Ranging from 1912 to 1990, the papers chronicle the rise and fall of the Denver Symphony Orchestra. Early papers, before Saul Caston's appointment as conductor in 1945, consist of correspondence, but primarily of performance programs of the Denver Symphony Orchestra. (The collection includes most of these programs.) After the Denver Center for the Performing Arts (DCPA) opened in 1978, the Denver Symphony Orchestra programs were included in Bravo, a publication for all of the arts performed in the Denver Center, until 1984 when the orchestra again produced its own programs.

Correspondence comprises the bulk of the papers of the Denver Symphony Orchestra and Denver Symphony Association. From business manager, Helen Black, through Chris Dunworth correspondence documents exchanges with the public, artists, agents, governmental agencies, foundations, donors, and so on. This includes conductors who resided overseas and communicated much of their business through correspondence. The association's Board of Trustees communicated with the orchestra, the conductor, the office staff and each other by correspondence.

The orchestra created its own public image through press releases and actively interacting with the media. Clipping services collected articles from national and local newspapers for many years. The collection includes many of these public views of the orchestra. Also, reel-to-reel tapes, films and videotapes include radio and television advertising for the orchestra.

The Denver Symphony Orchestra maintained active relationships with other organizations, especially those involved in the music industry. Universities, other organizations such as the American Symphony Orchestra League corresponded with the orchestra and sent newsletters. Throughout the Rocky Mountain Region, support groups met and worked to solicit funds for the orchestra. Groups included the Denver Symphony Guild, the Junior Guild and the Young Men's Organization among others. Papers from these organizations comprise a series in the collection.

This collection documents the operations of the Denver Symphony Orchestra and Association, as well as their public images.


The papers of the Denver Symphony Association comprise this series. Material includes agendas and meeting minutes of the annual meetings of the Denver Symphony Association as well as its many committees. The Board of Trustees of the association was primarily responsible for the Denver Symphony Orchestra. Correspondence between the members of the Board and between the Board and the orchestra's staff is included. Also, the series contains notes, biographies of trustees, consultant or committee reports, and lists of members and newspaper clippings describing events and people of the Association. Annual reports of various support groups such as the Denver Symphony Guild or the Denver Symphony Debs constitute a portion of the papers. The papers are arranged chronologically.
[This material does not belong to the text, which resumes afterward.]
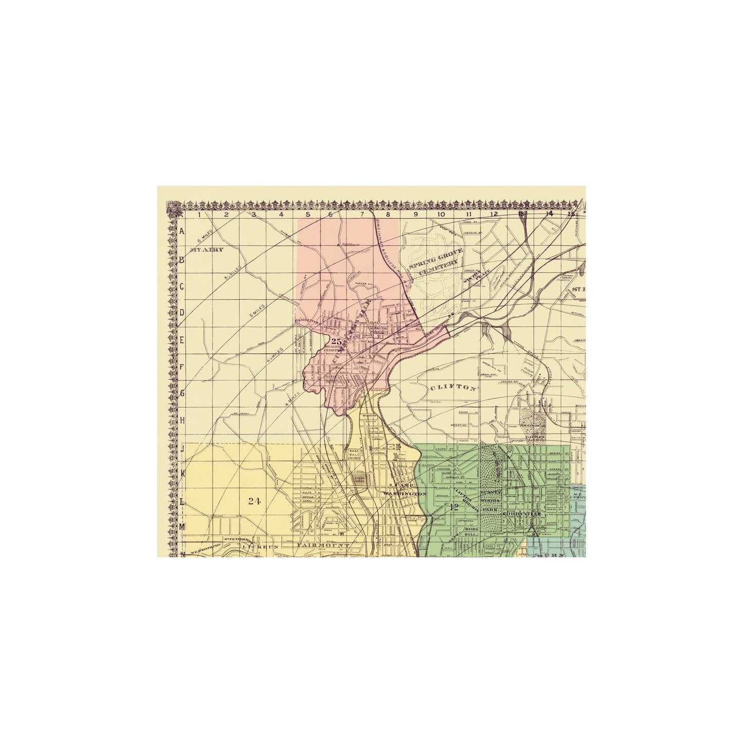 Sites and Townships Specific To This Map Are: Townships/Districts of: Cumminsville, Clifton, St. bernard, Shaprsburg, Oakley, Avondale, Woodburn, Mount Lookout, Fairmont, Mount Auburn, Walnut Hill Pendleton, Mount Tusculum, Columbia, Turkey Botton, Ludlow, West Covington, Covington, Newport, Bromley & California.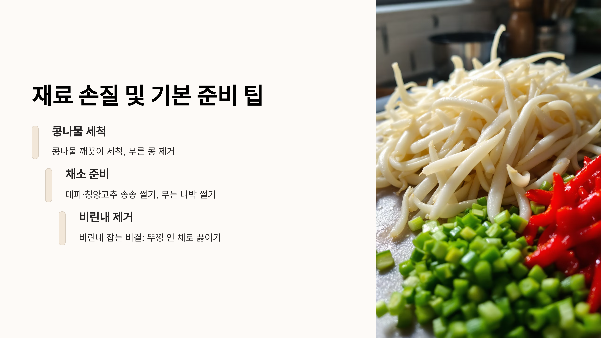 비린내 방지 삶을 때 뚜껑 일관성 유지, 신선한 콩나물 사용

SERIES 2 FINANCIAL 1938-1990 BOX 8-32

For the early years, the papers in this series consist primarily of the Red Rocks financial papers, with the exception of yearly auditor's reports. After 1964, financial papers became comprehensive, reflecting the budget year-round. Ledgers, charts and reports comprise the budget papers. The "annual campaign" solicited contributions for the orchestra. Campaign papers include correspondence, forms, reports, and manuals for volunteers. Grant documents, whether governmental or private foundation, consist of proposals, reports and correspondence. Material for ticket sales includes box office reports, seasonal reports, correspondence, memos and charts. Budget reports reflect the donations of support groups such as the Denver Symphony Guild, but more detailed information about the budgets of these groups may be found in the Other Organizations Series. The financial records are arranged chronologically.

SERIES 3 OPERATIONS 1945-1990 BOX 32-58

This series contains papers of the physical and behind-the scenes operations of the orchestra. Labor issues constitute a large portion of these papers. Musicians and stagehands joined unions, which negotiated master contracts. At the same time, individual musicians and stagehands each negotiated personal contracts with the business manager, sometimes having to audition for raises or for hiring. The series contains papers for both situations. The papers documenting the labor dispute in 1980, a season that was temporarily cancelled because of problems, comprise correspondence, memos, and reports that provide an inside look at the bitter negotiations.

Operations material such as leases, correspondence and invoices and receipts detail the physical office spaces throughout the years. Memos contain information on the working conditions for the office staff. Invoices delineate office supplies and equipment. The papers for operations also document the staging of performances. Memos and correspondence cover the costumes, dress for the musicians, travel and tour arrangements, and the acquisition and care of instruments. The performances on stages from the Auditorium Theater to high school auditoriums, from Red Rocks to Boettcher Hall, are documented in the series. Architects' plans, committee meeting minutes, correspondence and memos trace Boettcher Hall from the planning stage through construction to opening night in 1978.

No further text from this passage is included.